One important relationship to understand is territorial scope. The EU AI Act applies only where a firm places AI systems or their outputs on the EU market, so most UK-only advice firms fall outside its scope. Where it does apply, it sits alongside UK GDPR: the AI Act categorises AI systems by risk level, while GDPR focuses specifically on personal data protection. According to Kennedys' 2026 analysis, both frameworks apply alongside each other for firms operating in the EU market.
Meeting GDPR Requirements for AI Data Processing
Why Legitimate Interest Often Wins
The consent misconception causes real operational harm. If you rely on consent as your lawful basis for AI-assisted documentation, clients can withdraw that consent at any time, which under GDPR would typically trigger an obligation to erase the data. But FCA record-keeping rules under SYSC 9 and COBS require firms to retain advice records for five years minimum, and indefinitely for pension transfers, pension conversions, and opt-outs. Beginning with consent and later facing withdrawal can create a conflict with those mandatory retention periods.
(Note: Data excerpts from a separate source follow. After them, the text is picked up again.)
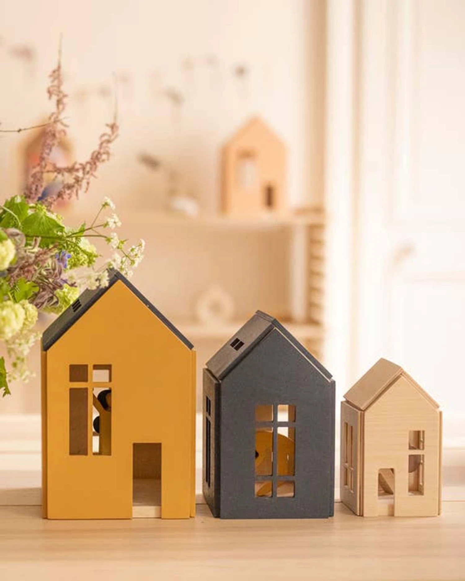 This set of 3 beloved wooden dollhouses on the magnets can be combined together as rooms or little village for tiny characters.
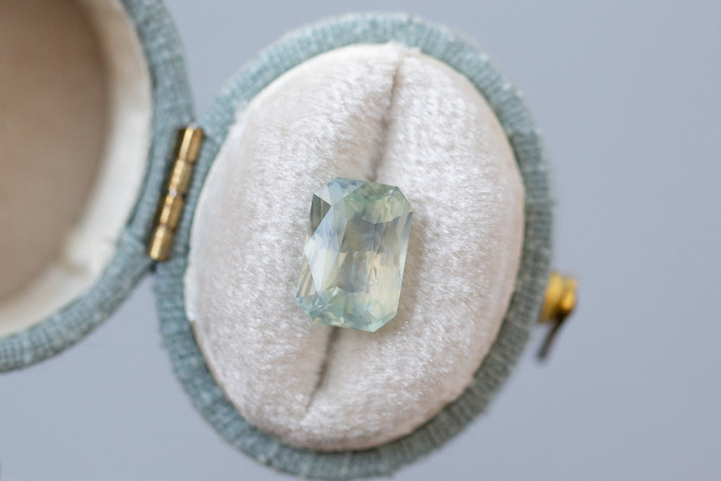 3.95ct Radiant Opalescent Pale Sea Green Sapphire
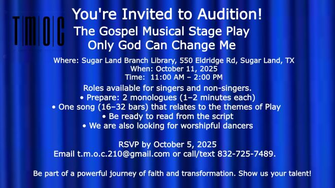 Audition Location: Sugar Land Branch Library, Sugar Land Texas

Legitimate interests under GDPR Article 6(1)(f) avoids this conflict. The three-part test:
Purpose: is the firm pursuing a legitimate interest?
Necessity: is AI processing necessary for that purpose?
Balancing: do the firm's operational interests outweigh the client's privacy interests?
Your firm can document these in a way that accommodates its regulatory obligation to retain advice records. The balancing test is case-specific and your firm must complete it for its particular processing activities, but for routine administrative AI drafting, the firm's compliance obligation and operational need may provide a credible legitimate interest when your firm properly assesses and records it.
Table 1: Lawful Basis Selection for AI Use Cases
Lawful Basis | Typical AI Use Case | Condition for Use |
|---|---|---|
Legitimate Interests (Art. 6(1)(f)) | Drafting meeting notes, generating suitability report drafts, compliance checking | Three-part test typically documented: purpose, necessity, balancing |
Contract (Art. 6(1)(b)) | Processing data necessary to fulfil the advice service agreement | Processing should be objectively necessary to deliver the contracted service |
Legal Obligation (Art. 6(1)(c)) | Retaining advice records to meet FCA SYSC/COBS requirements | Typically applicable only where processing is required by law, not commercial preference |
Consent (Art. 6(1)(a)) | Recording client meetings | Client can withdraw at any time; may create conflict with FCA retention obligations. Generally not recommended as sole basis for administrative AI processing |
AI Workflows and Lawful Basis Logic
There is a critical technical distinction that every firm using AI tools must understand: AI training versus AI inference. Training typically uses personal data to update the model itself, potentially incorporating client information into the system. Inference typically applies a pre-trained model to generate outputs without modifying the model. The personal data entered during inference is generally processed but not absorbed into the system's underlying weights.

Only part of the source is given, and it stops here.